The Amish believe that forgiveness should be practiced as much as possible. They understand that their forgiveness is bound up with the forgiveness that we display to others.  They understand that if they do not forgive, God will not forgive them. While this may and does seem self-serving the other side of this is that if they truly forgive a person, then God will forgive that person as well (Matt 18:18).  In other words, they believe that there is a real correlation between the forgiveness we practice here on earth and the forgiveness that God grants in heaven. For an unbeliever, this may seem an inconsequential thing, but for believers, this is extremely significant. This is where we put our lives to the test and allow forgiveness to rule in our hearts.
If we do not allow ourselves to forgive, then unforgiveness and the sin of others will rule our lives.  When we forgive, we free ourselves from the sins of other people.
When we forgive someone, we acknowledge that there was a wrong done and hurt was the result.  With forgiveness, we restore the relationship we had, but in the light of the hurt.  We can’t pretend or ignore the events, but nor should we dwell on them. 
This may seem easy when the infractions are less serious, when a person has missed a date or misplaced some important information.  But what about when we are talking about serious offenses, like murder, terrorism and acts of violence.  Can we forgive then? Should we forgive then?
I am not directly related to either of these events, nor directly involved with the major tragedies of our day.  I do not, for a second, want to minimize or trivialize anybody’s pain.  I do not want to say that I have experienced similar things, because I haven’t.  I do not want to say that I can even imagine the level of suffering that has been present in people’s lives.  I do not want to gloss over their pain and their suffering. 
But at the same time, I have been the object and victim of cruel things.  I have been betrayed, I have been rejected, I have been abandoned.  I understand pain and the desire for revenge.  On the other hand, I have betrayed, I have rejected and I have abandoned, and I recognize the desire to be forgiven.  I stand as one who has betrayed God, abandoned God, forsaken God, and yet at the same time has been forgiven by God, welcomed by God, loved by God and accepted by God.
Christ calls us to forgive one another and the way of peace is the way of forgiveness.
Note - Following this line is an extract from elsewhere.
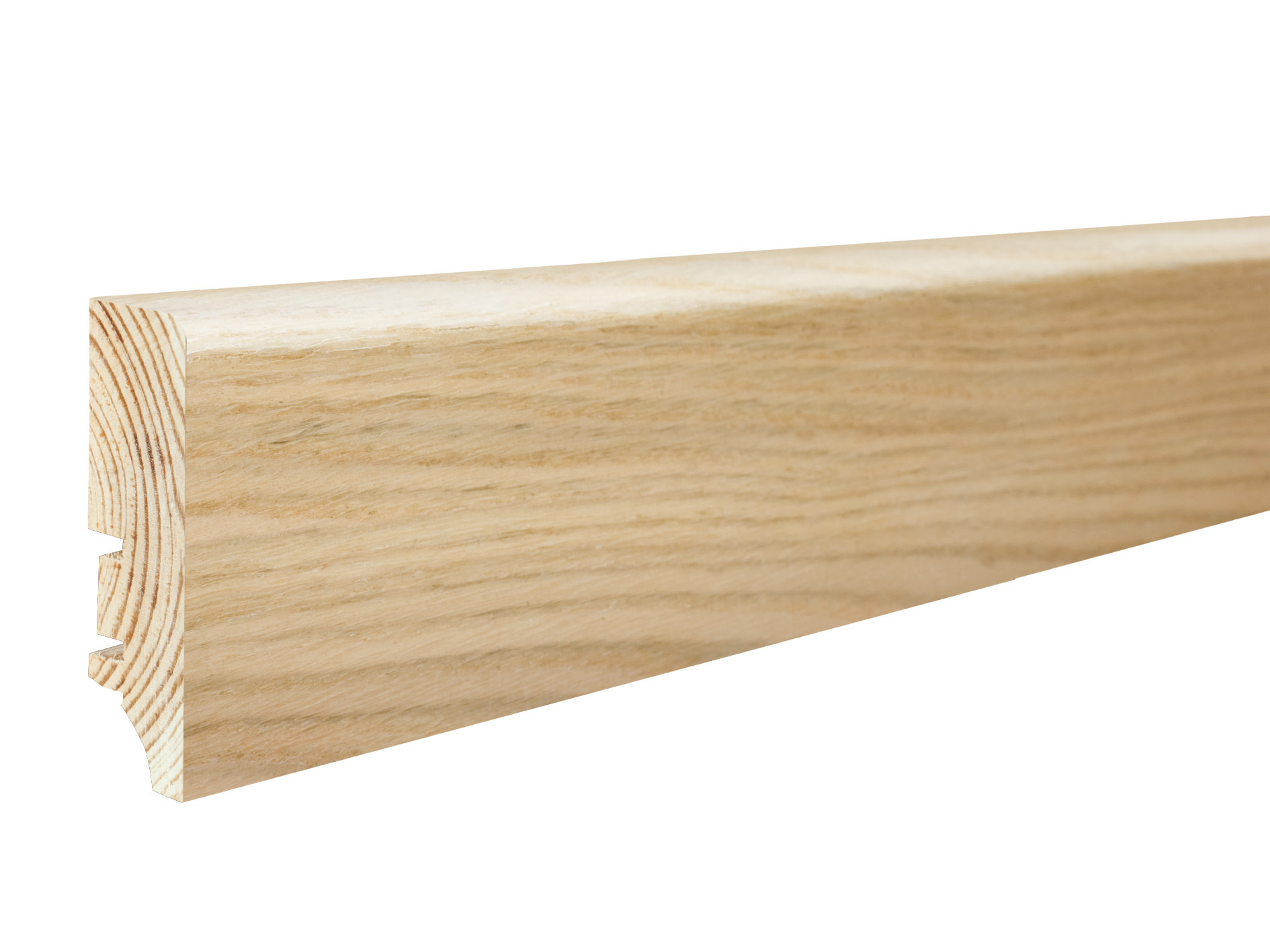 The Whitewashed Oak skirting board is finished with a layer of hardwood in a precisely defined shade, sourced from carefully selected timber. It is extremely durable and highly dimensionally stable. Thanks to the milled channels for electrical cables, it is very functional while maintaining a neat and elegant appearance.

Imagine if we could, on an individual level, forgive those who have wronged us.  Imagine if we would heed the prayer that we pray every week and ‘forgive our debtors.’ Imagine what good could happen in this world if we could do this.    Imagine, if we could, as a country, and as a culture embrace the grace of forgiveness.
I am not a ‘pie in the sky’ idealist. Countries have interests to protect…namely their people.  And while the State must do what it needs to do, the people who make up the state can practice the art of forgiveness.

The work begins, as always, with us, with individuals. We must work to cultivate forgiveness in our lives.  When people wrong us, especially in the small and ordinary things in our lives, we must work to overcome our pride and forgive them. This leads us to be able to forgive people for bigger crimes against us.  Most of us will never deal with the events like the tragedies we have mentioned, but if we forgive for smaller things, we can work at forgiving the bigger ‘stuff.’
Forgiveness is a path that we can walk.  We might not be able or ready to forgive people for everything right away.  But with time, we can work at it and to forgive people as Christ as forgiven us.